> WORK INSTRUCTIONS:
Nothing in the listing should be altered when it is copied, and no picture goes into the copy.

> INFORMATION SHOWN:
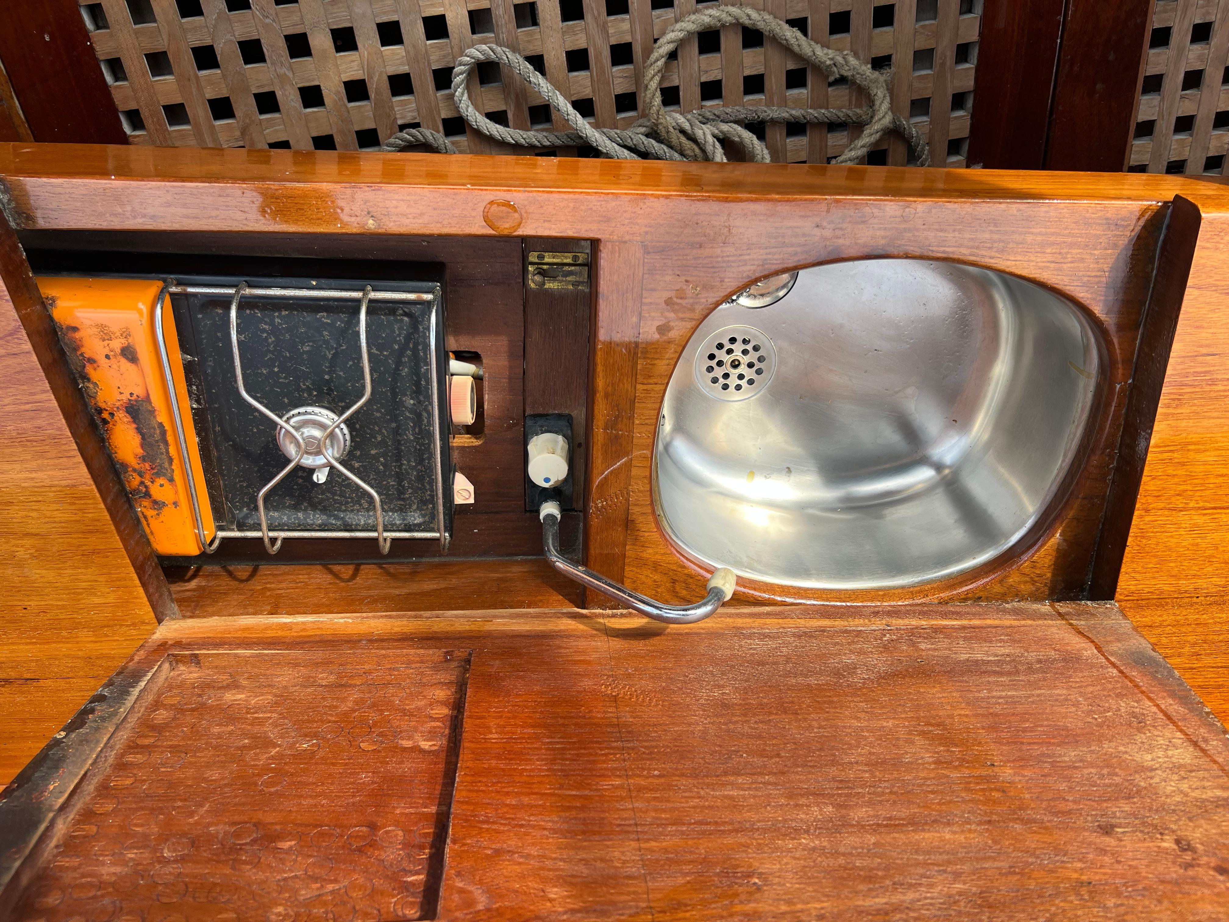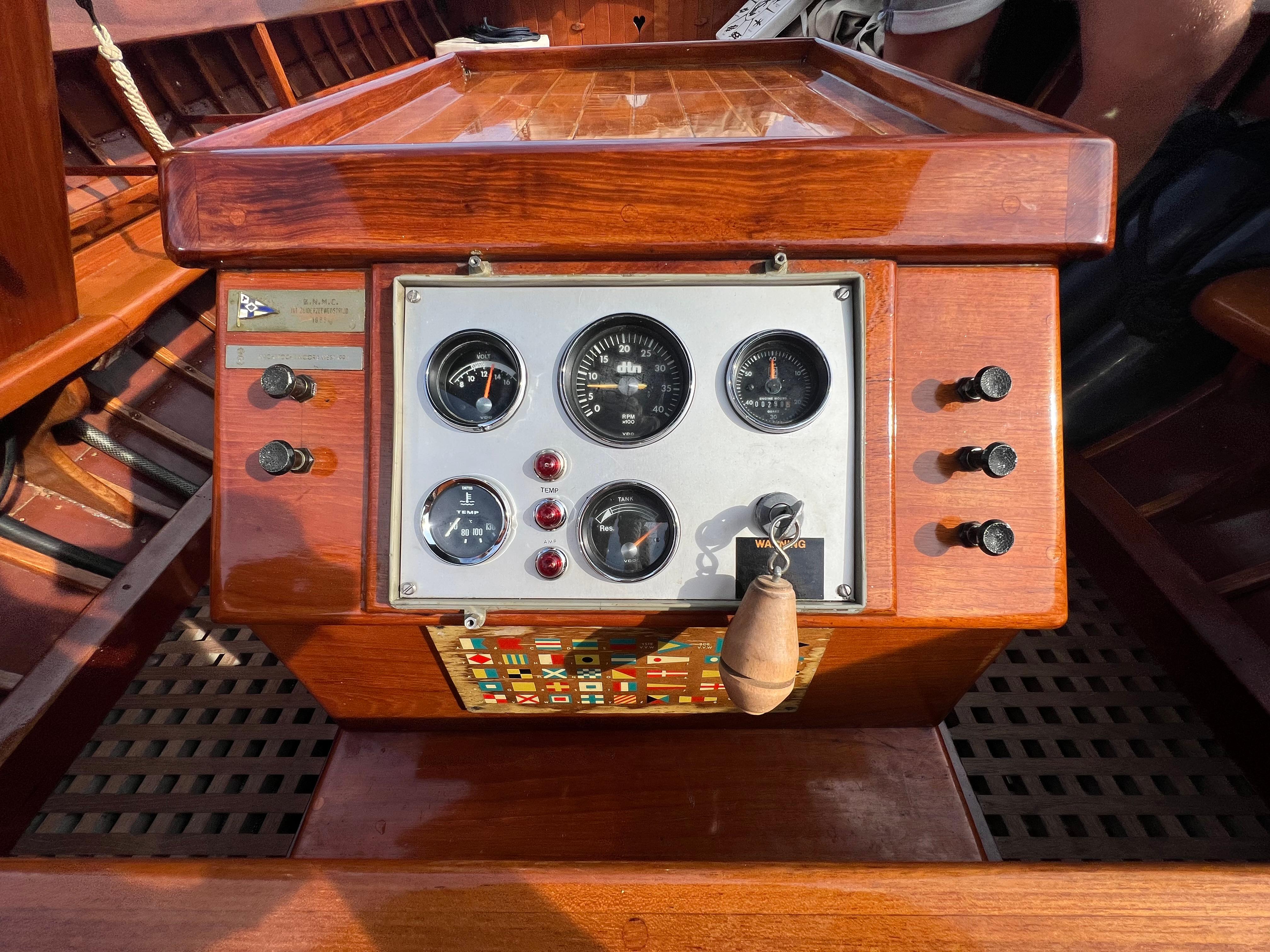 De vlet is rijk uitgerust met een buiskap, kuipzeil, originele sleepmast, originele klok, kapiteinsstoel, kompas, toilet, koelkast, wasbak, gaspitje, 12V aansluiting, bilgepomp, anker, fenders en lijnen.
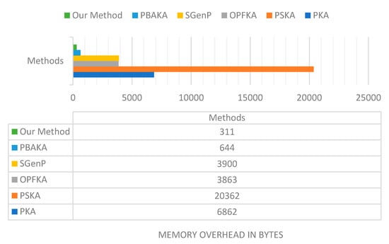 This mainly because the proposed method has a fixed message size in both first and later connections. The only part of the proposed method stores is the feature vector for the first connection and the feature vector. The timer validation period for the later connections. The fuzzy vault methods such as PKA, PSKA, and OPFKA; need to store variable-length parameter NFV. NFV vector has an average length of 1000 to 3000 data points. Each point is represented by 1.5 bytes. The memory cost for IDs and IDr is 16 bytes each. No is 16 bytes, I and permutation matrix PM are at most 1 byte., P is 1 byte, and MAC is 16 bytes. The value of NFV is 1000 for PKA and OPFKA, and its value is 3000 with PSKA. Each NFV point is represented by 1.5 bytes. For SGenP, HMAC is 600 bytes, and the random string is 20 bytes in length. In PBAKA analysis, Fs and Fr lengths are 100, and Ts, Tr, r, s are 20 bytes each. The total memory overhead per connection in bytes is 6862, 20362, 3863, 3900, and 644 for PKA, PSKA, OPFKA, SGenP, and PBAKA, respectively. For the proposed method, communicating sensors will save their feature vector. We will denote it as F; F is much smaller than NFV (i.e., F << NFV), and its size is about 100 features. The first connection’s total memory cost is 311 bytes and is 312 bytes for the later connections. Figure 11 illustrates the memory overhead in bytes for our method and the other methods for the first connection.
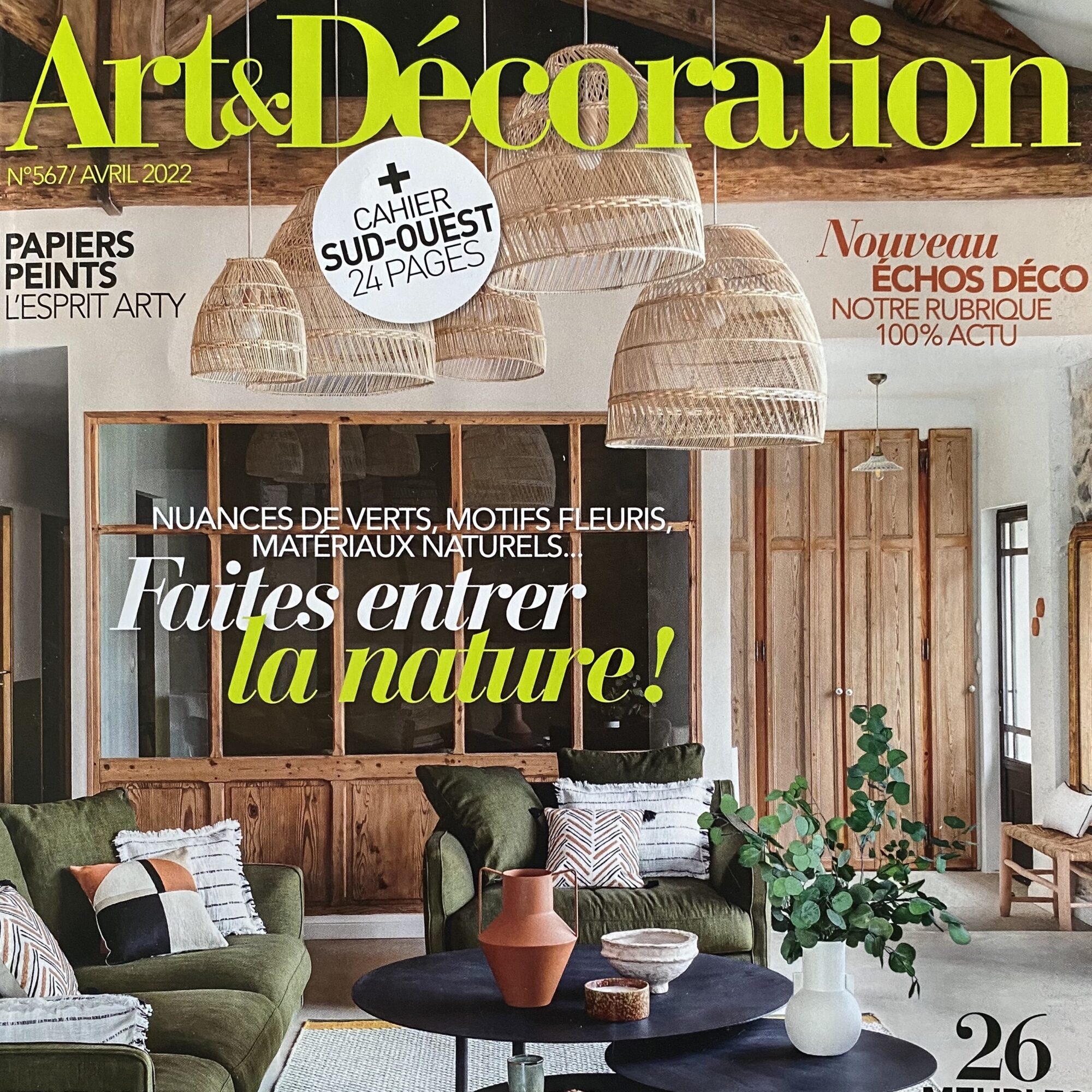 Art & Décoration, magazine de référence dans l’univers de la décoration et de l’art de vivre, a consacré un article à Tiphanie Canada dans son cahier spécial Sud-Ouest. Cette parution est une véritable reconnaissance de son travail artistique et une belle vitrine pour son univers unique.

> OUTPUT BELOW:
 De vlet is rijk uitgerust met een buiskap, kuipzeil, originele sleepmast, originele klok, kapiteinsstoel, kompas, toilet, koelkast, wasbak, gaspitje, 12V aansluiting, bilgepomp, anker, fenders en lijnen.
 This mainly because the proposed method has a fixed message size in both first and later connections. The only part of the proposed method stores is the feature vector for the first connection and the feature vector. The timer validation period for the later connections. The fuzzy vault methods such as PKA, PSKA, and OPFKA; need to store variable-length parameter NFV. NFV vector has an average length of 1000 to 3000 data points. Each point is represented by 1.5 bytes. The memory cost for IDs and IDr is 16 bytes each. No is 16 bytes, I and permutation matrix PM are at most 1 byte., P is 1 byte, and MAC is 16 bytes. The value of NFV is 1000 for PKA and OPFKA, and its value is 3000 with PSKA. Each NFV point is represented by 1.5 bytes. For SGenP, HMAC is 600 bytes, and the random string is 20 bytes in length. In PBAKA analysis, Fs and Fr lengths are 100, and Ts, Tr, r, s are 20 bytes each. The total memory overhead per connection in bytes is 6862, 20362, 3863, 3900, and 644 for PKA, PSKA, OPFKA, SGenP, and PBAKA, respectively. For the proposed method, communicating sensors will save their feature vector. We will denote it as F; F is much smaller than NFV (i.e., F << NFV), and its size is about 100 features. The first connection’s total memory cost is 311 bytes and is 312 bytes for the later connections. Figure 11 illustrates the memory overhead in bytes for our method and the other methods for the first connection.
 Art & Décoration, magazine de référence dans l’univers de la décoration et de l’art de vivre, a consacré un article à Tiphanie Canada dans son cahier spécial Sud-Ouest. Cette parution est une véritable reconnaissance de son travail artistique et une belle vitrine pour son univers unique.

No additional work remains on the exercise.